First, I grew up in a macho society which taught me that there wasn’t a hurt which couldn’t be fixed by rubbing dirt on it. I was taught to have honor and courage and pride in country and pride in religion and pride in family, and, yes, a modicum of pride in self.
I was taught to play fairly, but to play to win, and if you lost, don’t whine. Win the next time by getting better. How was I to know that these were vicious, fascist challenges to an outcome-based society?
Second, I’m not responsible because I suddenly find myself in that not-so-coveted demographic: 55 to death. As the cretins on Madison Avenue will tell you, I’ve made all my consumer choices for life — I use Listerene, not Scope; I drive a Buick, not a Lexus; and nothing will ever change my mind. If Nike tells me to "just do it", I won’t. Unless they give me a good reason to.

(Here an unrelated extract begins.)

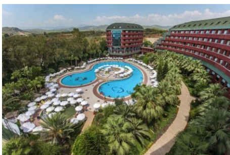
Бассейн 1 (Relax бассейн)

Время работы бассейнов может меняться в зависимости от погодных условий.

Now consider just how ancient this really is. If you’re 55, when you were born, there were no cars named Geo or Saturn, but there were cars named Hudson and Nash and Packard and Studebaker. When you were born, Ted Kennedy was 22. Katie Couric wouldn’t be born for 3 more years.
When you were born, Eisenhower was president, which means that you’ve been alive during one quarter of all the presidential administrations in history. Your date of birth is closer to the date of the Wright brothers’ flight than it is to today.
If you had a dollar for every second you’ve been alive, you’d have one billion, 735 million, 668 thousand dollars. But you don’t, because Barack Obama is president.
55 years! Over half a century. More than one twentieth of a millenium! In fact, 55 year olds, you’ve been alive over 2% of the entire time since the birth of Christ!
But don’t think of it as 55. Think of it as 13 Celsius, except when whining to the new PC power structure. As you learn to love tofu jerky with your decaf latte frappachino el crappo, hope that your captors will be merciful.
What this country needs is someplace safe to put us. Somewhere we can drag race riding lawnmowers, perhaps, without contaminating the minds of the young. It’d have to be some place with sufficient security, isolated, perhaps with the military nearby to keep us in check while we watch them play with tanks and big guns. A locale with anticipated new vacancies would be handy. Befitting our advancing age, someplace warm — the Caribbean, perhaps. Let me get back to you on this. In the meantime, If you need any more information from me, I volunteer to be beerboarded.